Initializing AWS credentials with AWS-Azure-Login#
- Enter “aws-azure-login” in the command prompt.
- Enter your account (username@ec-dataplatform.eu) and your user password.
- After successfully initializing an AWS role on your local machine or Amazon WorkSpaces you are able to access AWS services that are attached to your account via AWS CLI or AWS SDK. The local AWS credentials file is updated with initialized AWS keys.
- Initialize AWS credentials with aws-azure-login
Public Endpoint#
Accessing Data Science Studio via ALB
- User needs: Connect to an EC2 machine which host tools like Jupyter, RStudio,…

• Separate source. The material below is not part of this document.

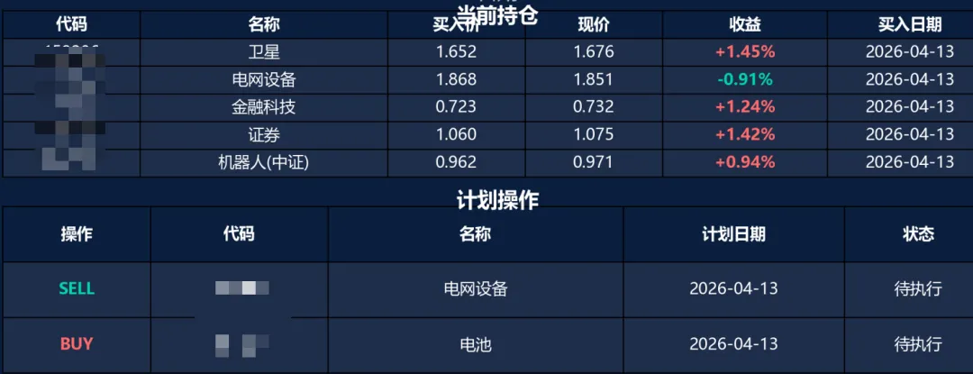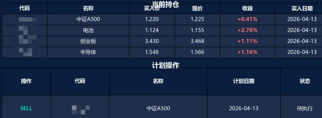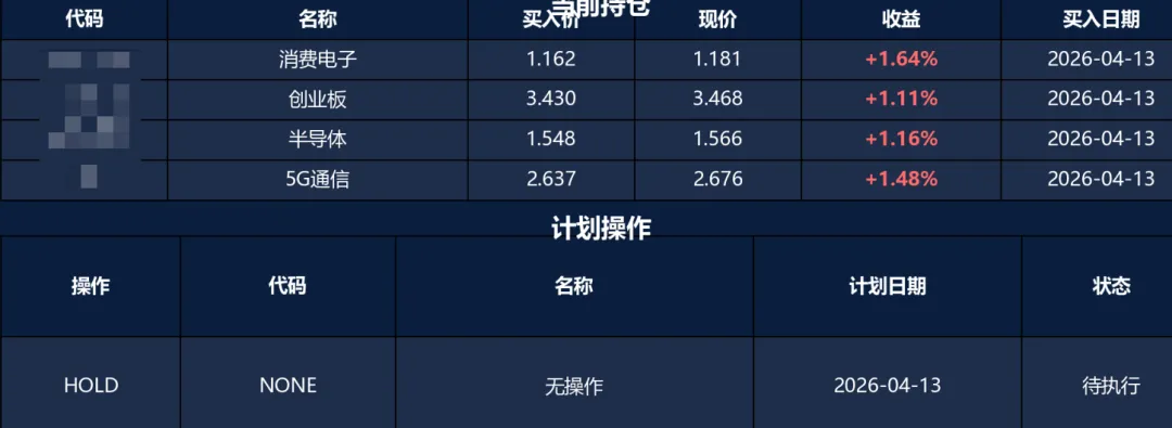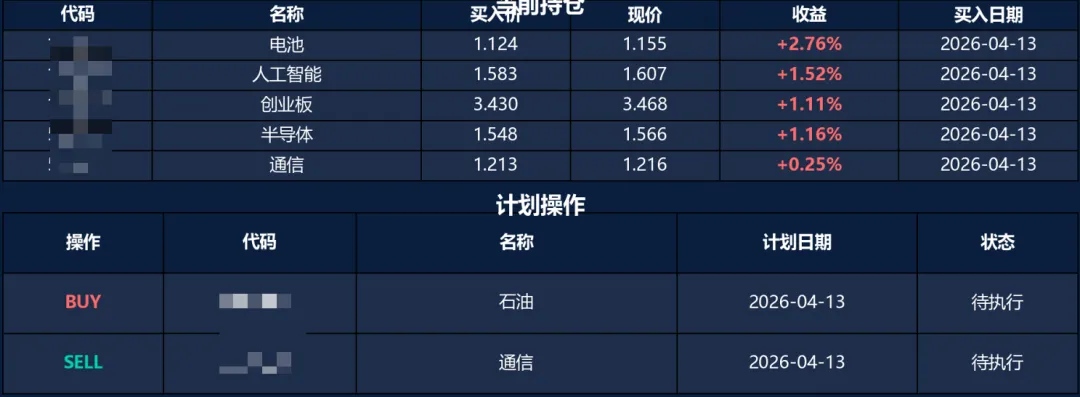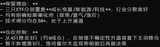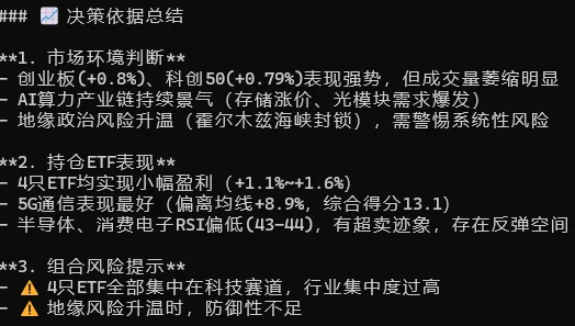 理理由是“技术为持仓最弱,RSI67.4近超买。霍尔木兹地缘风险升温,宽基防御性不足。清仓后组合降至3只高确信度标的(创业板/电池/半导体),行业分散且各有催化,约6成仓控风险。”

- User profiles: Data Scientists, Data Engineers
- Assumed user knowledge: -
The Data Science Studio has been implemented with a DSN Record and Application Load Balancer so there’s a straight-forward way to access this resource.
- Go your dsl-specific link (which is in the following format
https://dss-dslxxxx.ecdp.dataplatform.tech.ec.europa.eu/
) - You will be prompted to provide your EC Data Platform Credentials public endpoint
- You will need to choose which service you want to access (Desktop, Jupyter Notebook, Rstudio…)
- You’re now connected to your Data Science Studio